In Puppet’s and Salt’s case, it has true Resource Abstraction (see “Defining the Infrastructure” section below).

 Node  Minion  Host any system managed by the application. (Target)
 Hiera  Pillar N/A data provider for the application’s config management code. Best practice is to separate user and company data from code that does the actual configuration change

Note: Hiera works very differently from Pillar, but the idea is the same.

 MOM
(Master of Masters)
 Syndic N/A Master of Masters, a top Master controller for other slave Masters in a scaled environment
 Forge  github, no centralized forge  Galaxy  Online repository of user-built content

The Review – Lets Begin

All areas reviewed on 5-point basis


01 – Learning Curve

This is purely subjective rating, this is how difficult I found the product to be. Obviously this will vary with each person.

Puppet:  2

Puppet was by far the most steep learning curve but this isnt necessarily a knock against the product. Puppet does have a much richer and capable CM modelling language than the other 2. Because of this, there are a lot of concepts that Puppet covers like Defined Types, Virtual Resources, Functions, etc that do not apply to the other 2 applications

The bad part about this complexity is the large number of components that make up Puppet Enterprise, especially the MCollective piece (which is an entire product in its own right). It takes a lot of time to understand how everything works together and how to troubleshoot common issues

SaltStack:  5

I found Salt to be extremely simple to understand and use. Salt’s simplicity is misleading however because it does offer a very complex and powerful orchestration and event management system along with its CM capability. I found Salt to be even easier to pick up than Ansible, it just makes sense to me

Ansible:  5

Simple to pick up as well although I found the syntax of playbooks to be verbose, for example in the Template line, placing everything in 1 single line like this makes it too jumbled, but this is subjective obviously

- name: configure hive in /etc/hive/conf.{{ site_name|lower }}
  template: src={{ item }} dest=/etc/hive/conf.{{ site_name|lower }}/{{ item }} owner=root group=root mode=0644
  with_items:
    - hive-site.xml
  notify:
    - restart hive-metastore

02 – Installation of Masters and Agents

Puppet:  3
  • Master is relatively simple to install but involves more steps than others.
  • If installing Monolithic (single) master, the installer starts a webserver and the installation asks for various input details like Master name and DNS alias. Install takes 15-20 min.
  • Additionally the installation tarball is roughly 250-300 MBs which is much larger than the other products.
  • agents can be installed via pkg managers or through a bash script that reaches out to its Master’s package directory in /opt and pulls down the installer
  • Puppet can also be run without the Master, which would only require the installation of an agent and then periodically updating the JSON catalog on each machine
SaltStack:  5
  • I found Salt to be very simple to install, install time 2-3 minutes depending on connection speed. Size of package is only 20-25 MB when installed and this includes all the necessary python packages.
  • Agents: very simple to install agents as well, apt-get
  • Salt provides a Bootstrap script that can be run on any OS, that will install Master or agent. You can even use Salt to install its own agents on nodes using SSH,
    salt-ssh  -i targetName cmd.run "sh bootstrap.sh"
  • Can also be run via pure SSH using ‘salt-ssh’ command. (Note: I found salt-ssh to be fantastically easy to use, even more so than Ansible)
Ansible:  5
  • very simple install for Debian and Fedora based masters,
    sudo yum install ansible 
  • Agents: no agents to install, everything done with SSH
  • Has really nice Inventory management feature, you can import hosts to manage using a script, AWS, Rackspace, Openspace, DigitalOcean, etc, very simple to add massive inventory data and get going managing it (requires Enterprise version though)

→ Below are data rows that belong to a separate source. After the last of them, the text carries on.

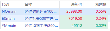 美股三大期指盤前漲跌不一,納指期貨 $NQmain 漲0.55%,標普500期貨 $ESmain 漲0.24%,道指期貨 $YMmain 跌0.02%。
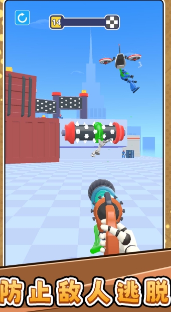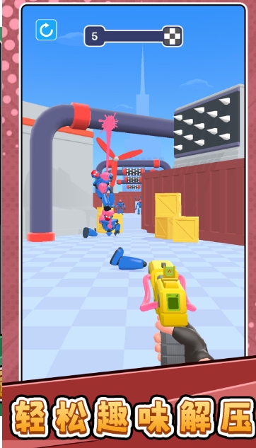 4、玩家使用武器射击机器人,利用场景机关躲避攻击,在规定时间内完成关卡任务,提升竞技排名。
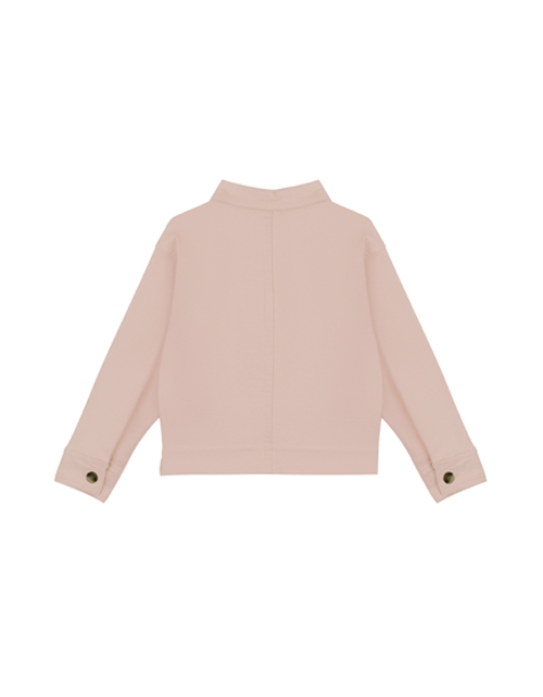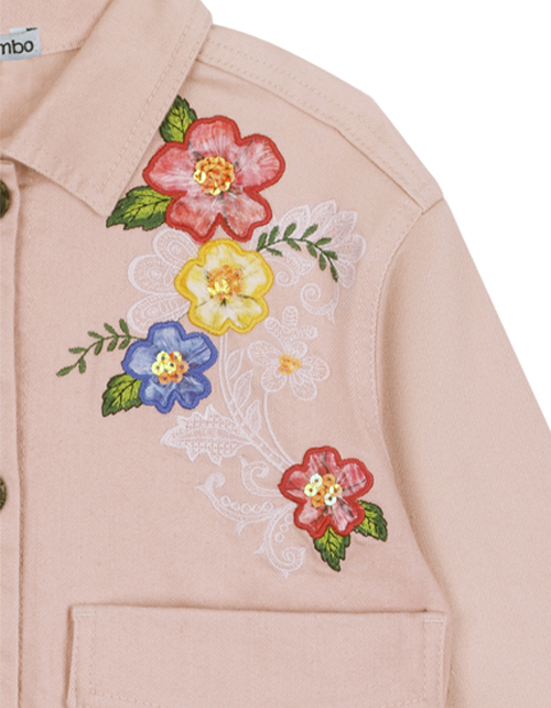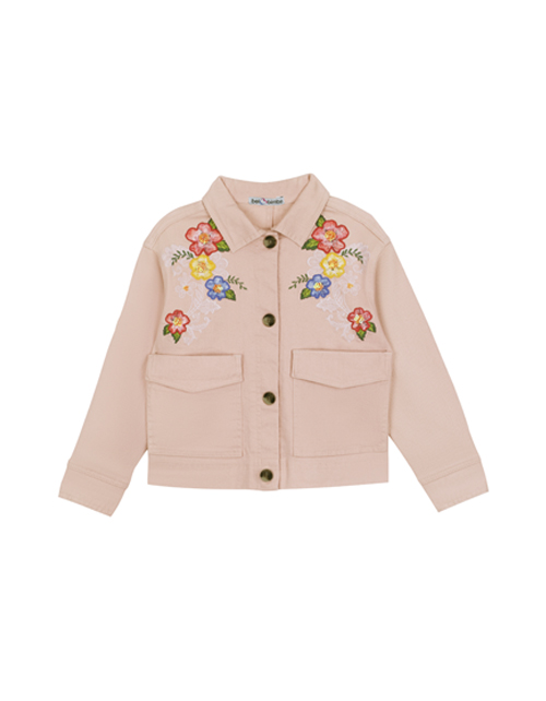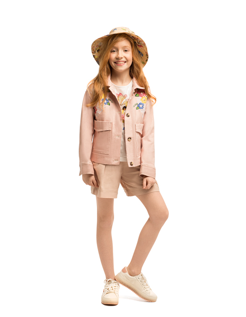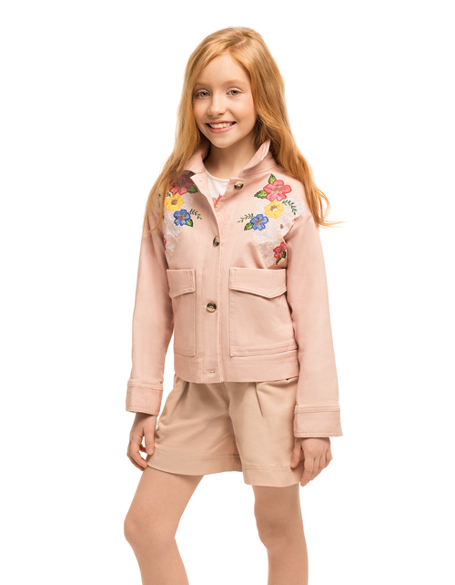 Укороченный светло-розовый жакет для девочки прямого силуэта. Большие накладные карманы, застежка на пуговицы. Декорирован вышивкой с пайетками. Оформление в стилистике капсулы "Цветочное сафари".
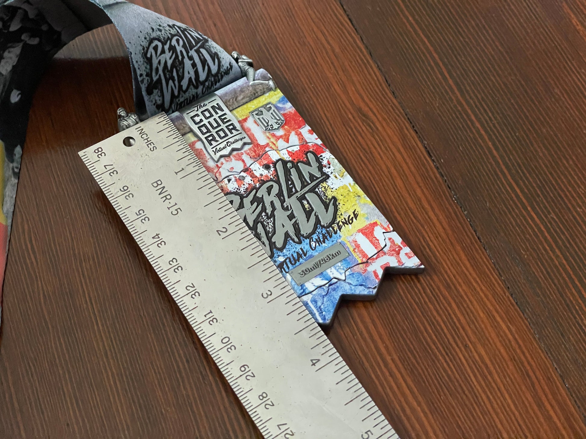 To determine the size of your medals, measure them from where the ribbon attaches to the medal to the bottom-most part of it (see photos for visual how-to). Conqueror Challenge and Pacer medals fit most comfortably on a 4" plaque. Please note that different size plaques will not form an even honeycomb grid, and will not mix and match easily.
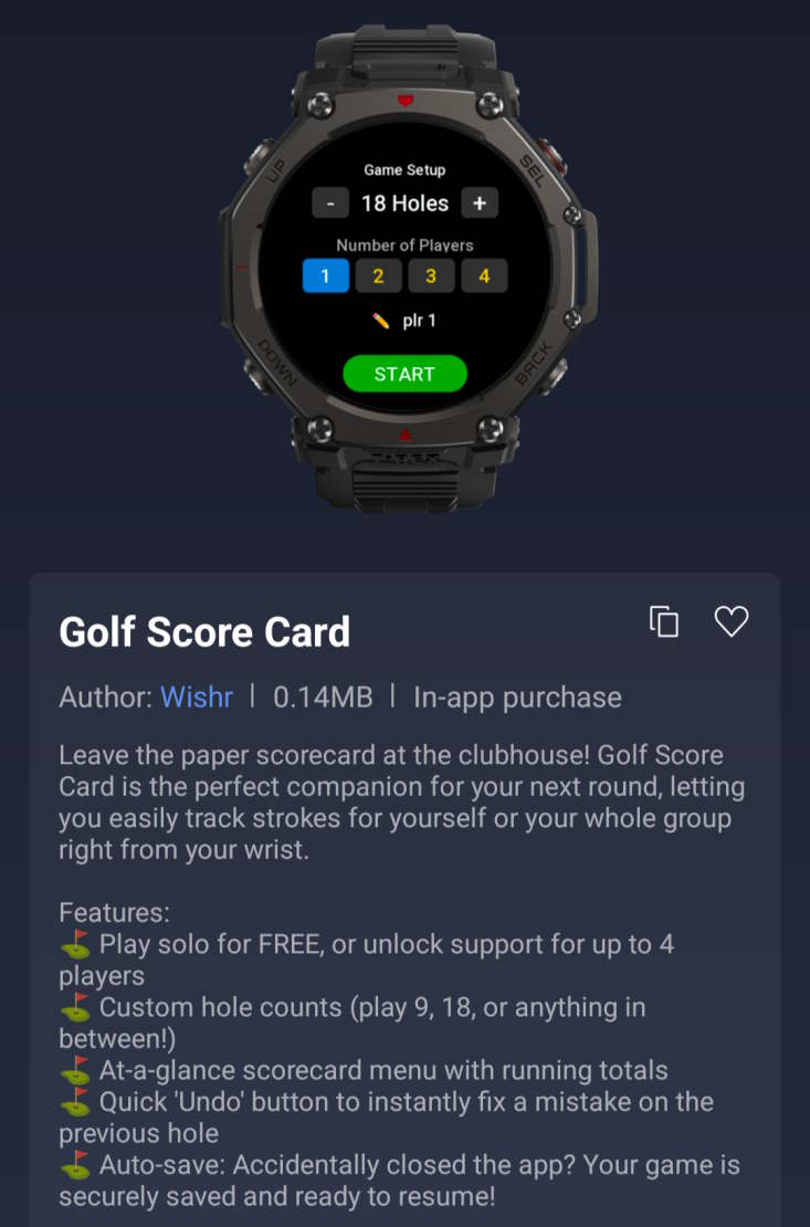 Für Golfsportler relevant dürfte die Golf Score Card sein. Die App ist kostenfrei für einen Golfspieler, kostenpflichtig ist die Nutzung mit bis zu vier einzelnen Spielern möglich. Die App muss dabei etwa in einer Pause nicht aktiv bleiben, es gibt eine automatische Speicherung. Die kostenfreie App LiftGo soll für Kraftsportler zusätzliche Optionen bieten und unterstützt etwa Workout-Vorlagen und einen Timer für die Einhaltung von Pausenzeiten.
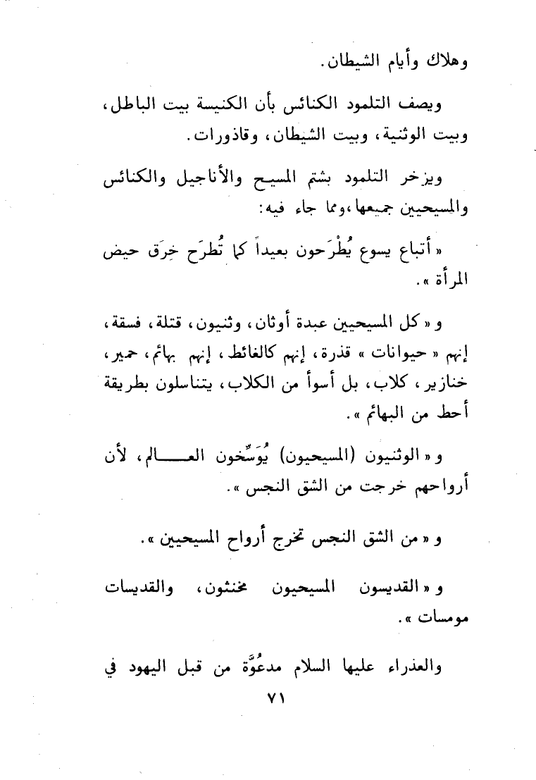 و" كل المسيحيين عبدة أوثان، وثنيون، قتلة، فسقة،
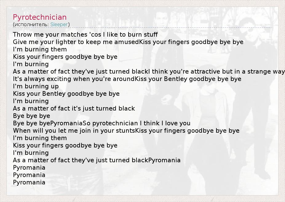 Bye bye byePyromaniaSo pyrotechnician I think I love you
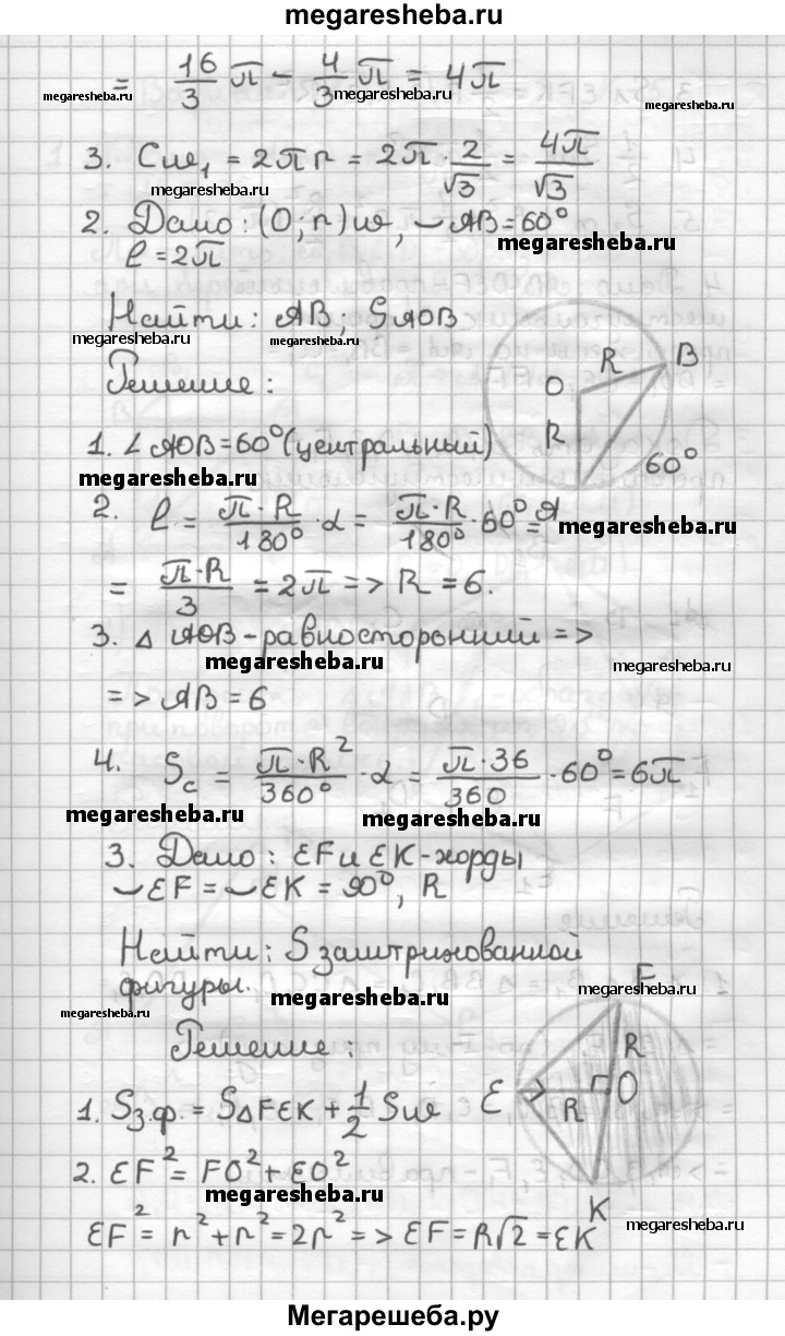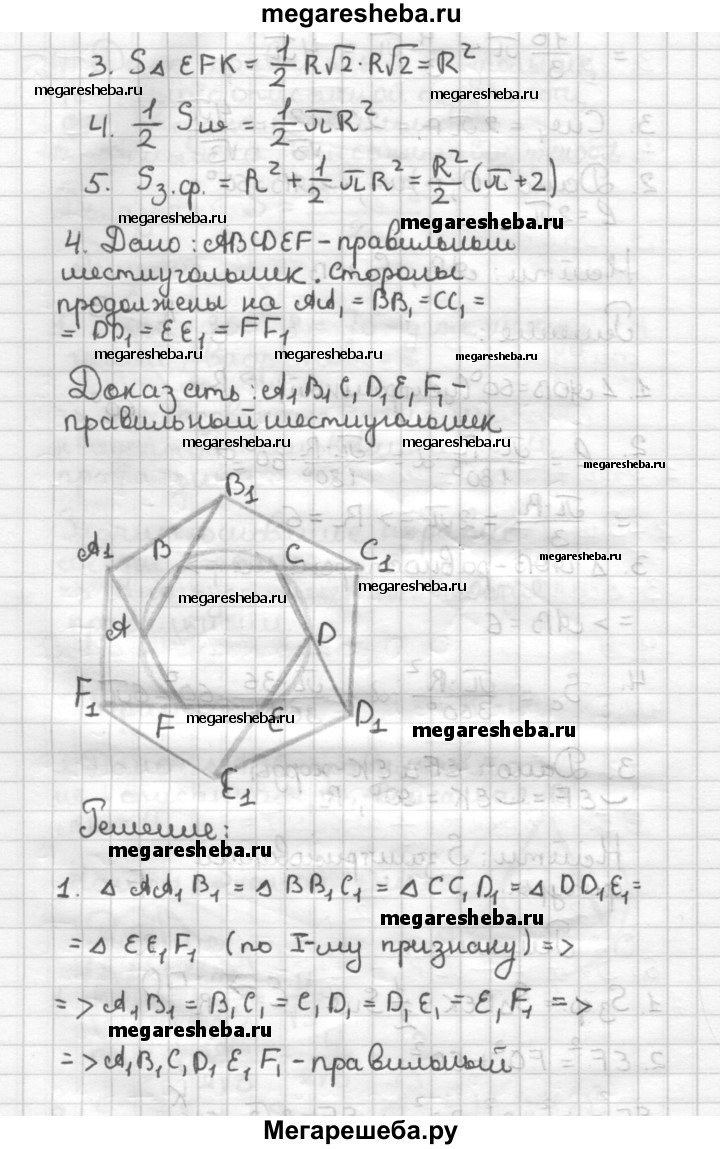 К—4 Вариант 4 1. Около правильного треугольника описана окружность и в него вписана окружность. Сторона треугольника равна 4. Найдите площадь кольца и длину меньшей окружности. 2. Хорда стягивает дугу в 60°. Длина дуги равна 2п. Найдите длину хорды и площадь "соответствующего сектора. 3. На рисунке 59 хорды EF и ЕК стягивают дуги в 90°. Радиус окружности равен R. Найдите площадь заштрихованной фигуры. 4*. ABCDEF — правильный шестиугольник. Стороны FA, АВ, ВС, CD, DE и EF продолжены за вершины А, В, С, D, Е и F на равные отрезки ААХ, ВВССХ, DDX, ЕЕХ и FFX. Докажите, что AlBlDlC1ElF1 — правильный шестиугольник. 83

 03 – Defining the Infrastructure (Config Management)

All 3 products use a declarative approach to infrastructure definition (with some being more Declarative than others)

Puppet:  5

  • Puppet’s core strength is its DSL, which is becoming Lingua Franca of CM. It has very robust and expressive conditionals which let you create additional things like Defined Resources (cookie cutter Resource management structures)
  • Has Ruby’s powerful hashes and functions, very expressive and relatively simple to model your infrasturcture

    sample Nginx declaration

        package { "nginx":
             ensure  => installed,
             require => Yumrepo['nginx-repo'],
             before  => File['/etc/nginx/nginx.conf'],
        }
    
  • Has Resource Providers, which are Ruby code that translate the Puppet DSL declaration into the actual OS commands, making Puppet completely Abstract when it comes to managing resources. This makes it easy to manage a resource regardless of the underlying OS type of the target, meaning that your config code is now reduced since you dont need any additional declarations for each OS-type, you only need 1 declaration.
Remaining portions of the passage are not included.